I was building an Arch Linux and not sure what Desktop Environment to choose, so having some time to spare, gave it a little read about Xorg and Wayland architectures, and surprise: Xorg has no isolation between windows.
Which is by design, e.g. Windows has exactly the same thing.
This means any window in Xorg could be a keylogger, and could spy for passwords or other sensitive data typed in any other window.
Um, nope.
Only applications
that you are running could potentially snoop on other apps that are running on the same display under your UID. Which is completely fine - if you are running the code under your user account, then the fact it could spy on some other window is the least of your problems. By that time it could have easily copied or deleted all your data.
Other applications, running under different user IDs are unable to access your display (whether to snoop the keyboard or display stuff on your screen). Not even applications running as the superuser (root) can snoop on your display using this mechanism without some help (of course, they could do other things).

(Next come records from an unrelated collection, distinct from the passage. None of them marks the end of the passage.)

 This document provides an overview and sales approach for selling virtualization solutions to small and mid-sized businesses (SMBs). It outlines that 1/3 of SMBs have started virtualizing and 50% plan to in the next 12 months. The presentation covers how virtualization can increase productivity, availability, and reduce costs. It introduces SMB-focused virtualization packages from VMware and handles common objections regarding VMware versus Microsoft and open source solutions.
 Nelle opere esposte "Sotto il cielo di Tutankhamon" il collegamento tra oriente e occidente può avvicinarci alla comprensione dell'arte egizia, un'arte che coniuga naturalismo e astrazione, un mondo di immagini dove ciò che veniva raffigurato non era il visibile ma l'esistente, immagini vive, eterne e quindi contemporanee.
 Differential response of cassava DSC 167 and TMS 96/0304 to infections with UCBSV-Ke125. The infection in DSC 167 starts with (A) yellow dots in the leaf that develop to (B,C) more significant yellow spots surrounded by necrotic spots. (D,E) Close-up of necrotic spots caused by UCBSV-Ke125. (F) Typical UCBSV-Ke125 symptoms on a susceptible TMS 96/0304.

This is ensured by multiple mechanisms, the most common are the xhost access control (you can allow someone else to access your display) and by the MIT-MAGIC-COOKIE mechanism:
https://stackoverflow.com/questions/37157097/how-does-x11-authorization-works-mit-magic-cookieThe cookies are stored in the .Xauthority file in your home directory and protected by regular file permissions. If the application doesn't present the correct cookie (and if it is an app of some other user, it can't access it), the X server will refuse the connection.

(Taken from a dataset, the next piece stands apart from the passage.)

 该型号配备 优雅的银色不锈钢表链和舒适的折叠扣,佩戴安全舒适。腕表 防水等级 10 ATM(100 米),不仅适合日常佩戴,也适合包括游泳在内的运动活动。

Any Linux distro running Xorg is vulnerable to such a trojan, and Xorg is the most widespreaded window server (i.e. Ubuntu comes with Xorg by default).
I don't get it, why the X server was designed like that, and how that nobody complains about such a vulnerability?
Because it is
not a vulnerability - the only windows that are "vulnerable" are those that are running under the same UID as the hypothetical malware, otherwise the malware wouldn't be able to obtain the necessary cookie and connect to the server. I.e. you would have to run the malware yourself.
Furthermore, that mechanism is essential for things like input methods, injecting keystrokes into apps for testing, etc.
Long time ago (and I mean like 25-30 years) when X terminals were still in use and Unix (not Linux) workstations were common, the X servers often shipped widely open, with access control disabled (equivalent to setting "xhost +"). At the time something like malware or spyware was not a threat and these things were used on trusted networks - like companies or university labs, so some heavy security wasn't needed even though the facilities did exist from pretty early on (university students can be very resourceful). On such machines this "attack" was possible - in fact, a common joke was to harass the hapless colleagues by displaying e.g. xeyes on their on screen remotely or messing with their windows. People have learned to put "xhost -" in their login scripts pretty quickly.
Linux distros didn't ship unsecured/open by default X server since at least 20 years ago, possibly longer - I remember the instructions on how to secure XFree86 if you are running it back from the days of Slackware on 20 floppies and never had to do it afterwards.
If someone uses this as an argument for Wayland, they really have no idea what they are talking about. Wayland certainly has benefits - but this isn't the one.